I will purchase a NRF power profiler kit try to log the voltage during the test. Does the NRF power profiler support logging over a long duration, such as 48 hours?

I am using a murata cr2032. Datasheet says it can operate down to -30deg C. At a steady 200ua draw the battery is spec'd to last 900 hours in -10 deg C. 

Also, could you please recommend a capacitor size for such an application. 

And, in the event of a brownout, what is the brownout current consumption of the NRF52810. 

Kind regards, 

Hari 

haricane said:

Does the NRF power profiler support logging over a long duration, such as 48 hours?

It could, it is possible to adjust the "resolution" of the sampling so with a low sampling rate you will be able to extend the time your are sampling. 


So just adjust it to cover 48hours 


What circuit configuration are you using ? There is a small difference in efficiency with DCDC and without depending on the voltage.

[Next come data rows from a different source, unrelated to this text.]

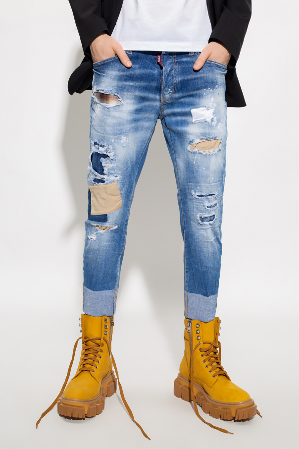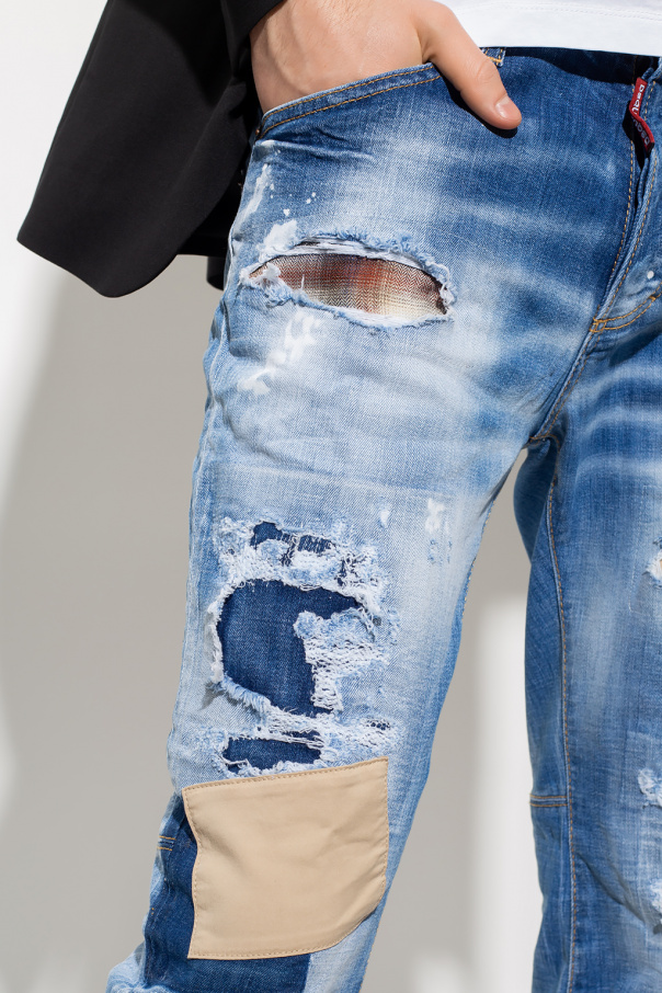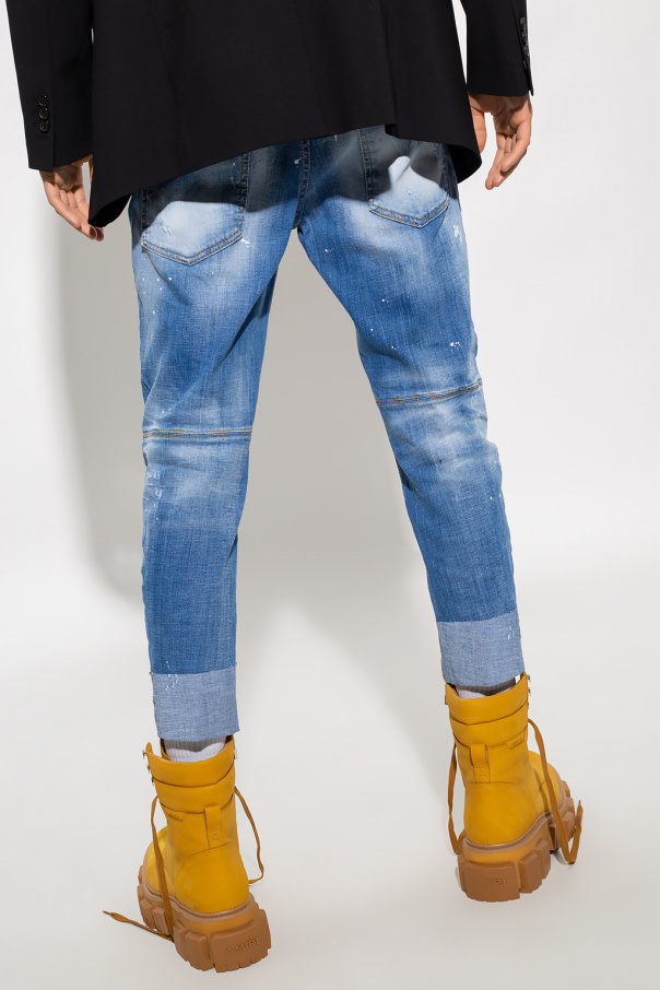 Blue and white ‘Sailor’ jeans from Dsquared2. Made of cotton, this pair showcases a distressed treatment, paint splatters, checked inserts, button fastenings, classic five pockets, turn-up hems and a red logo patch at the back.
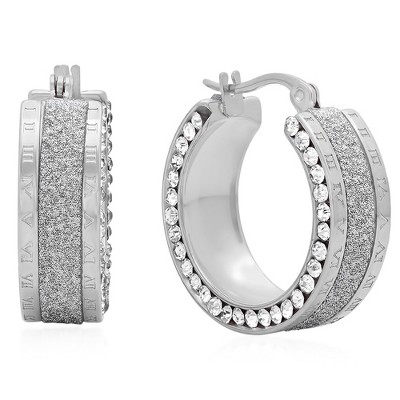 Steeltime Ladies stainless steel hoop earrings with roman numerals and simulated diamonds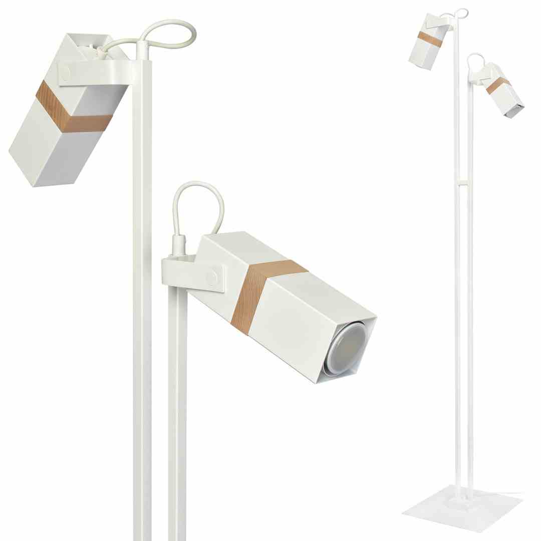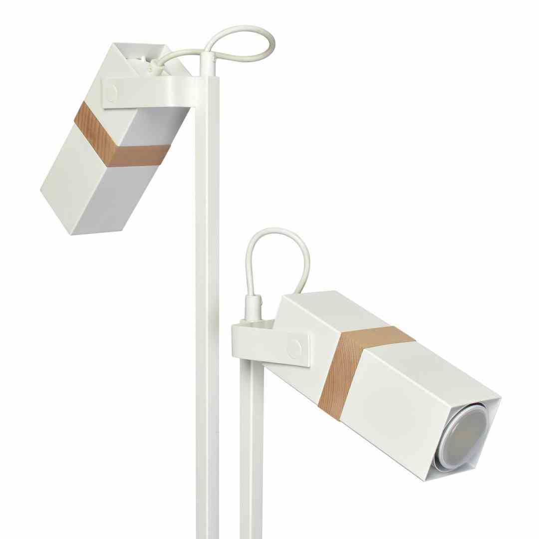 • lampa podłogowa z dwoma punktami świetlnymi biała z jasnym drewnem MLP6106

So the higher the voltage the more efficient the DCDC configuration is, but there is a voltage range\level where the LDO(no DCDC) is just as efficient if not a small amount more efficient. 

haricane said:

Also, could you please recommend a capacitor size for such an application. 

Low ESR caps are the way to go but for size it can be hard to just say a number, the size could depend on the current consumption during the critical stage where the device sizes to function as intended. I am not sure what the typical BOR current draw is, but I suspect it will depend on the circuit configuration.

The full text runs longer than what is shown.